* WORK ITEM *
Reproduce the whole listing exactly and let no picture into the copy.

DATA BLOCK below:

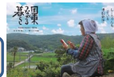
●全国へ周知啓発 ポスターセッション
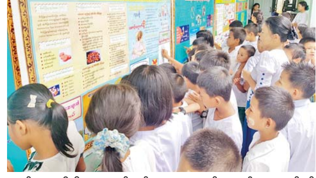
ဆက်ဆံရေးဦးစီးဌာနမှ ဝန်ထမ်းများက မူးယစ်ဆေးဝါးအန္တရာယ်နှင့် ဆိုးကျိုးများ၊ မူးယစ်ကင်းစင်ရေးအတွက် ဆောင်ရန်/ရှောင်ရန်အချက်များနှင့် ကျောင်းပြင်ပစာပေများ လေ့လာဖတ်ရှုကြရေးတို့ကို ဟောပြောဆွေးနွေးပြီး စာဖတ်စွမ်းရည် ပုံပြင်ပြော၊ ကဗျာရွတ်ဆို ယှဉ်ပြိုင်ခြင်းများ ပြုလုပ်ခဲ့ကြကြောင်း သိရသည်။

သထုံ ဇွန် ၁၂ မွန်ပြည်နယ် သထုံမြို့နယ်တွင် ပြန်ကြားရေးနှင့်ပြည်သူ့ဆက်ဆံရေးဦးစီးဌာနနှင့် အခြေခံပညာဦးစီးဌာနတို့ပူးပေါင်း၍ မူးယစ်ဆေးဝါးအန္တရာယ် တားဆီးကာကွယ်ရေးနှင့် စာဖတ်ရိုက်နှိပ်ခြင်းများဖြင့် အသိပညာဗဟုသုတတိုးပွားစေရေး အသိပညာပေးဟောပြောခြင်း၊ နံရံကပ်စာစောင်ပြသခြင်းများကို ယနေ့နံနက်ပိုင်းတွင် သထုံမြို့ ဘင်လှိုင်ရပ်ကွက်ရှိ မရမ်းချောင်း အခြေခံပညာမူလတန်းလွန်ကျောင်း၌ ဆောင်ရွက်ခဲ့ကြသည်။

End of DATA BLOCK.

* RESPONSE *
●全国へ周知啓発 ポスターセッション
ဆက်ဆံရေးဦးစီးဌာနမှ ဝန်ထမ်းများက မူးယစ်ဆေးဝါးအန္တရာယ်နှင့် ဆိုးကျိုးများ၊ မူးယစ်ကင်းစင်ရေးအတွက် ဆောင်ရန်/ရှောင်ရန်အချက်များနှင့် ကျောင်းပြင်ပစာပေများ လေ့လာဖတ်ရှုကြရေးတို့ကို ဟောပြောဆွေးနွေးပြီး စာဖတ်စွမ်းရည် ပုံပြင်ပြော၊ ကဗျာရွတ်ဆို ယှဉ်ပြိုင်ခြင်းများ ပြုလုပ်ခဲ့ကြကြောင်း သိရသည်။

သထုံ ဇွန် ၁၂ မွန်ပြည်နယ် သထုံမြို့နယ်တွင် ပြန်ကြားရေးနှင့်ပြည်သူ့ဆက်ဆံရေးဦးစီးဌာနနှင့် အခြေခံပညာဦးစီးဌာနတို့ပူးပေါင်း၍ မူးယစ်ဆေးဝါးအန္တရာယ် တားဆီးကာကွယ်ရေးနှင့် စာဖတ်ရိုက်နှိပ်ခြင်းများဖြင့် အသိပညာဗဟုသုတတိုးပွားစေရေး အသိပညာပေးဟောပြောခြင်း၊ နံရံကပ်စာစောင်ပြသခြင်းများကို ယနေ့နံနက်ပိုင်းတွင် သထုံမြို့ ဘင်လှိုင်ရပ်ကွက်ရှိ မရမ်းချောင်း အခြေခံပညာမူလတန်းလွန်ကျောင်း၌ ဆောင်ရွက်ခဲ့ကြသည်။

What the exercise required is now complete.